Op de voormalige suikerplantage Mariënburg in Suriname groeien twee bomen in de fabriek. Hun groene kruin steekt uit de ramen van het gebouw. Van de slijterij en de oude fabriekshallen staan alleen nog de muren overeind. De houten woningen van de voormalige directeur en zijn staf zijn scheef getrokken door tijd en ongedierte.

“Mariënburg was de economische kerk van het district Commewijne”, verzucht de bijna negentigjarige Toekijan Soekardi, een inwoner van Mariënburg die veertig jaar lang op de plantage heeft gewerkt. Dat deed hij voor drie Surinaamse gulden per dag. Eerst werkte Soekardi onder leiding van De Nederlandse Handelsmaatschappij, de rechtsvoorganger van ABN AMRO, later onder leiding van de Rubber Cultuur Maatschappij Amsterdam, tot de jaren vijftig een van de grootste plantagebedrijven in Europa.

Rond de Surinaamse onafhankelijkheid in 1975 werd Mariënburg eigendom van de staat. Elf jaar later ging ze failliet. Alles wat nog van waarde was, inclusief oud ijzer, werd gestolen en verkocht. Soekardi zag de verloedering met lede ogen aan. “Na de onafhankelijkheid is Mariënburg achteruitgegaan”, zegt hij. “De mentaliteit en discipline was weg.”

Soekardi is de enige inwoner van Mariënburg die nog dagelijks tussen de ruïnes van de plantage loopt. Hij verdient er een zakcentje als gids voor toeristen. “Dat lukt niet elke dag, maar toch bijna”, zegt hij.

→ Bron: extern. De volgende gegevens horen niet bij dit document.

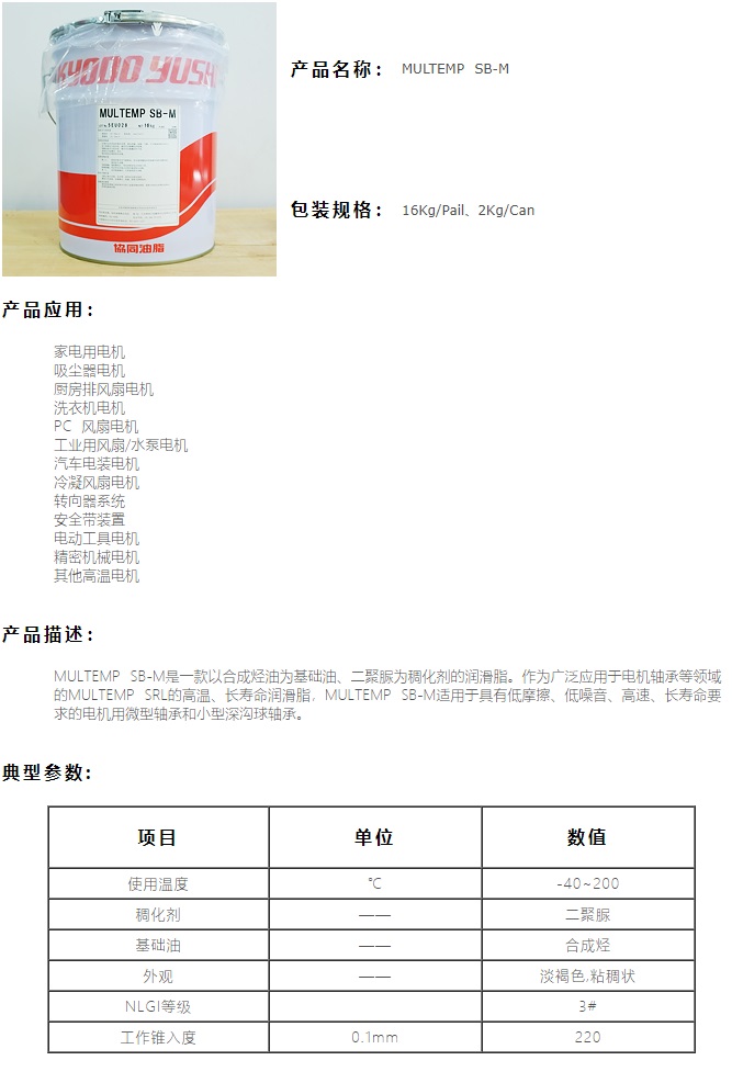 关键指标 SB-M数据 普通润滑脂对比 测试标准

In zijn vrije tijd schrijft hij gedichten. Die gaan allemaal over de glorietijd en neergang van Mariënburg. Zonder aankondiging begint Soekardi voor te lezen: “… Opzichters zitten als een aap. Wat een mooie gaap. Het gevolg van weinig slaap. Dit moet tot het verleden gaan behoren. Anders gaat het bedrijf verloren.” Hij zucht en kijkt om zich heen. “En dat is precies wat er is gebeurd. Mariënburg is vergane glorie.”

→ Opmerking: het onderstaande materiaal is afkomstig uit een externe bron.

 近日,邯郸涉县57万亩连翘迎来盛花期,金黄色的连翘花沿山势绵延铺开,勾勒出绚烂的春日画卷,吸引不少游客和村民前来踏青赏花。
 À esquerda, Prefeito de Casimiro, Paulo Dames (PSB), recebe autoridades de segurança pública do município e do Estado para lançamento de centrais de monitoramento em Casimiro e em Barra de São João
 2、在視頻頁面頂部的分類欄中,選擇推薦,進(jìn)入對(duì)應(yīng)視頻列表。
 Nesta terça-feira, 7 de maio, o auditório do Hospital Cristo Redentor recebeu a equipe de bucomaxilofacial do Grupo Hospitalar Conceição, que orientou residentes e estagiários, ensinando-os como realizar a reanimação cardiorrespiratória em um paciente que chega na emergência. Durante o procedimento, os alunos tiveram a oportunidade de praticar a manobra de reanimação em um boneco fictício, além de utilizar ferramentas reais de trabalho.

De oude directeurswoning op Marienburg
De oude directeurswoning op Marienburg Beeld door: Zoë Deceuninck

‘Company towns’

Suriname kent veel ‘company towns’ zoals Mariënburg; kleine nederzettingen waar de inwoners in dienst zijn van één bedrijf of organisatie. Wanneer dat bedrijf haar deuren sluit of vertrekt, worden de arbeiders en hun families aan hun lot overgelaten en de infrastructuur verwaarloosd.

“Company towns leven van een economische activiteit die gebaat is bij veel arbeiders met een laag opleidingsniveau”, vertelt Amrish ‘Danny’ Lachman, directeur van Planbureau Suriname. “Er is slechts een kleine top van hoogopgeleide mensen, vaak buitenlanders. Surinamers die onderaan de ladder werkten hadden weinig kans om door te stromen naar boven en bleven op een bepaald niveau steken.”

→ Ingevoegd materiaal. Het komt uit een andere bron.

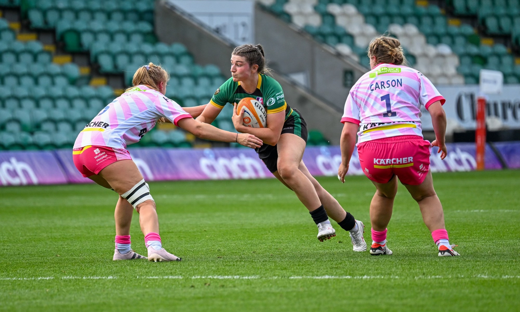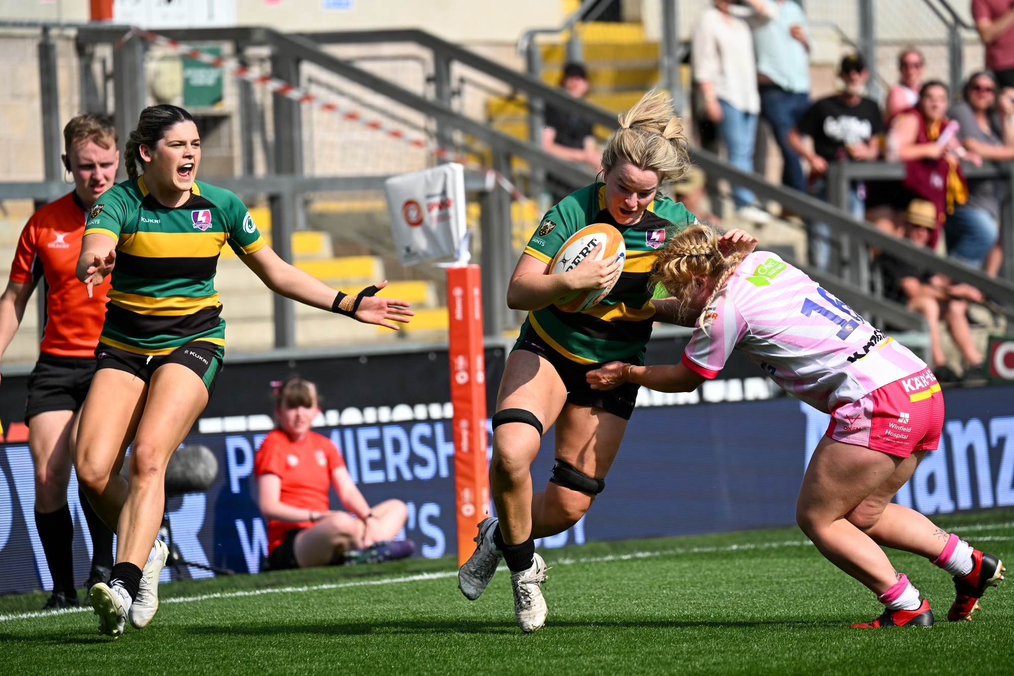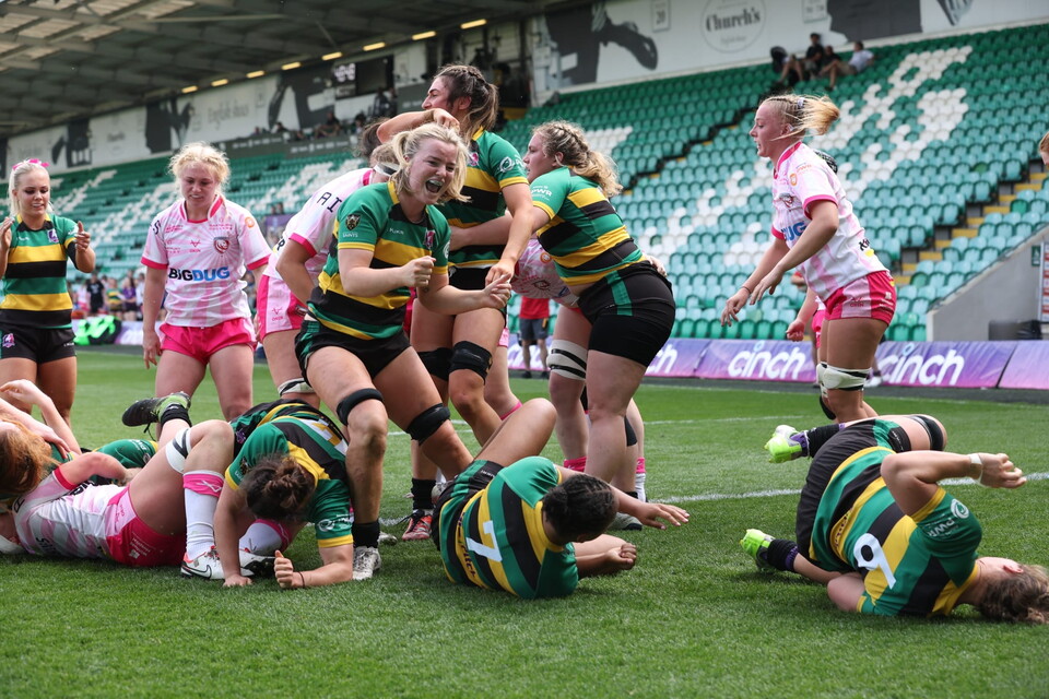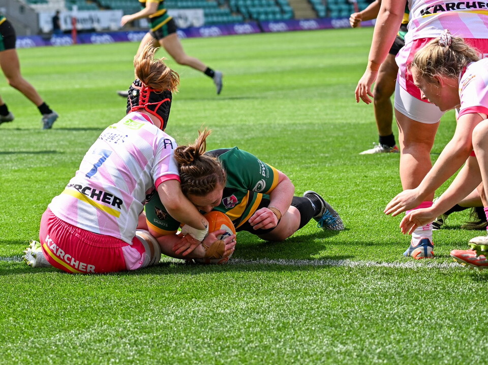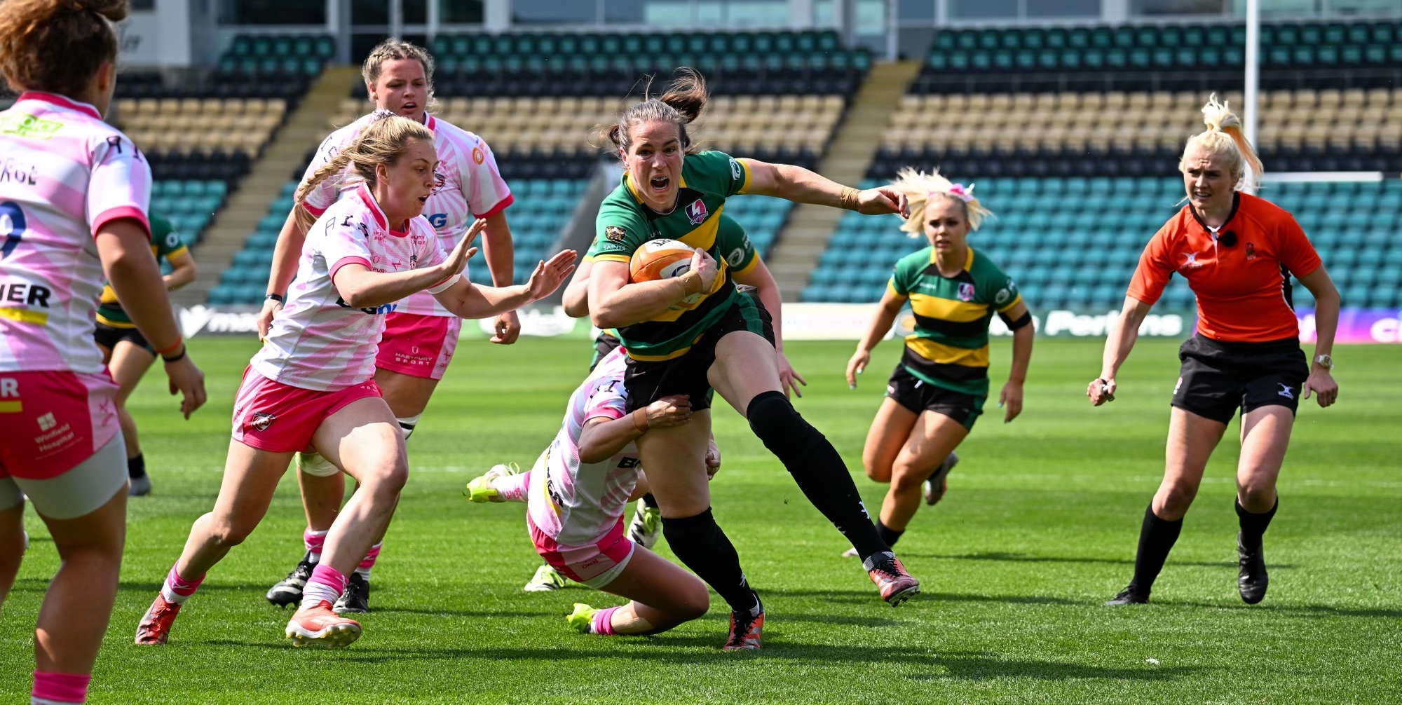 However, like that early January clash, the Cherry and Whites ran out comfortable winners as Alex Matthews, Tatayana Heard and Neve Jones all grabbed braces and Natasha Hunt, Laura Delgado and Steph Else crossed the line with Emma Sing landing eight of her nine conversions to keep the visitors to cinch Stadium at Franklin’s Gardens on course for an unbeaten season.

Wanneer de economische activiteit ophoudt te bestaan en het bedrijf het land verlaat, blijven de arbeiders verdwaasd achter. “Ze zijn proces technisch geweldig in bijvoorbeeld mijnen of suikerriet verwerken, maar kunnen ook niets anders dan dat. Dan worden ze wachter bij een houtbedrijf of ze gaan in een houtzagerij werken”, zegt Lachman.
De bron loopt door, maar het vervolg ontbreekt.